By now Ashcroft had nine hundred million likes and six thousand dislikes. Here was absolute, admitted guilt welded to overwhelming public support. I was very relieved that I would only be a witness in his criminal trial.

“Lieutenant Ashcroft, I am obliged to inform you that you will certainly be charged with a crime involving the largest single damage bill in all of history,” I began.

“And he may get out of jail before the next ice age,” called someone in the gallery.

“Marshal, remove whoever said that from the public gallery, take them to the local authorities, and recommend a charge of contempt.”

There was a pause in proceedings while the offender was taken into custody. I looked down at my screen. The youth had got just over a hundred million likes in twelve seconds, but seven hundred million dislikes as well. Ashcroft certainly had massive public sympathy, in spite of what he had done.

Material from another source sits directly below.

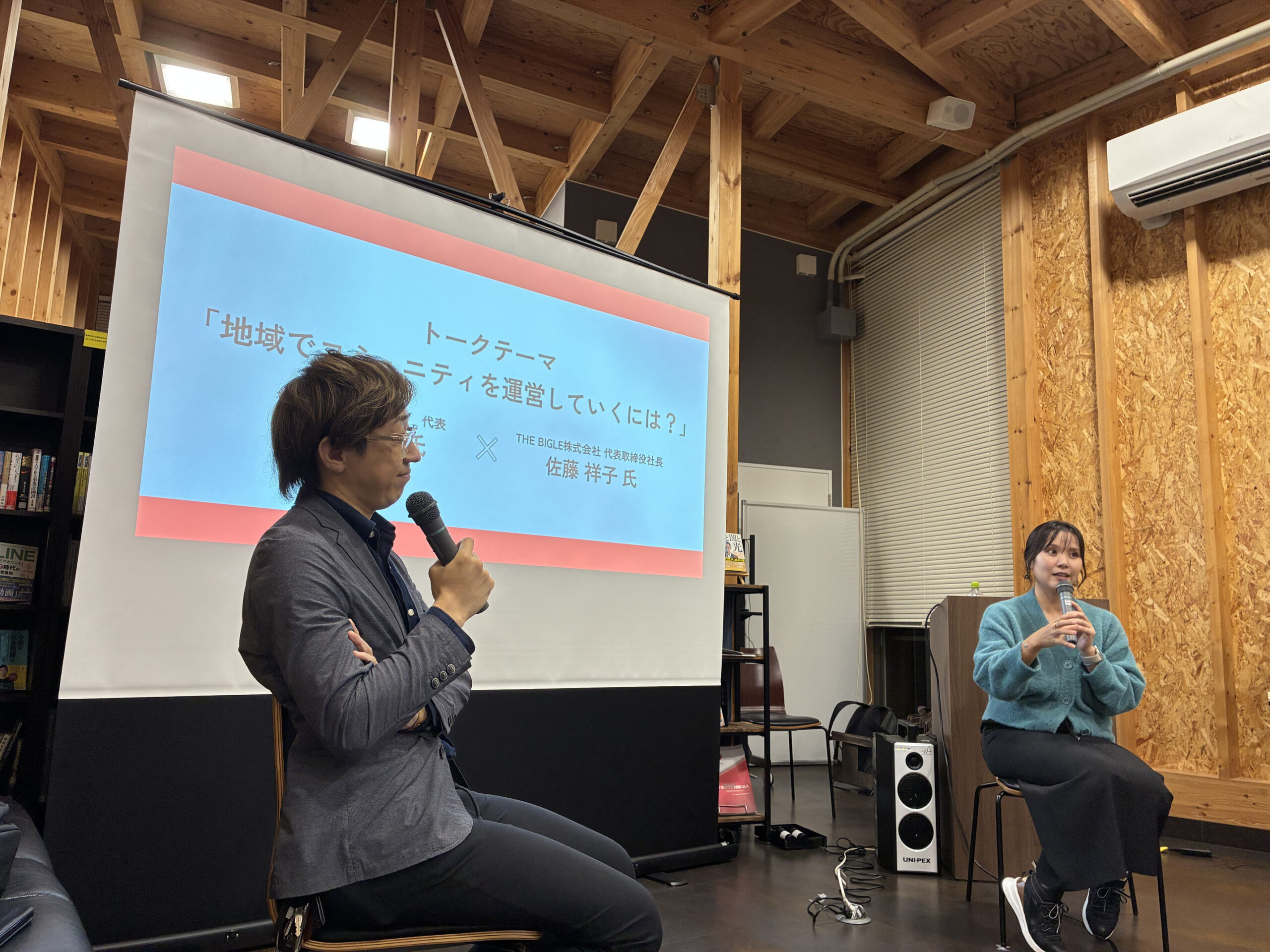 「コミュニティは巻き込みが大事」「コミュニティは部活のようなもの」など、活発な意見交換が行われました。さらにお二人の要望で参加者皆様のご意見も聞きたいということで会場全体で宇部市のコミュニティの未来について意見を交わしました。

“In six days the Firewall and Ashcroft-virtual will reach Centauri B,” I asked Ashcroft. “What will happen?”

“I can’t speak for my virtual any more.”

“Please explain.”

“Ashcroft-virtual is no longer me,” said Ashcroft. “The number transmitted from the Firewall every hour represents the amount of contiguous virtual memory stored in its lattice banks. The Centauri A flyby damaged a lot of physical storage, but because the virtual is stored by a scattered redundancy algorithm, a lot of it can be rebuilt.”

“A lot, but not all.”

“Yes. Priority was given to redundancy for motivations and recent memories. Childhood memories were kept in single copy. So far the restoration has reached 52%.”

“So your virtual has what would be called brain damage in humans.”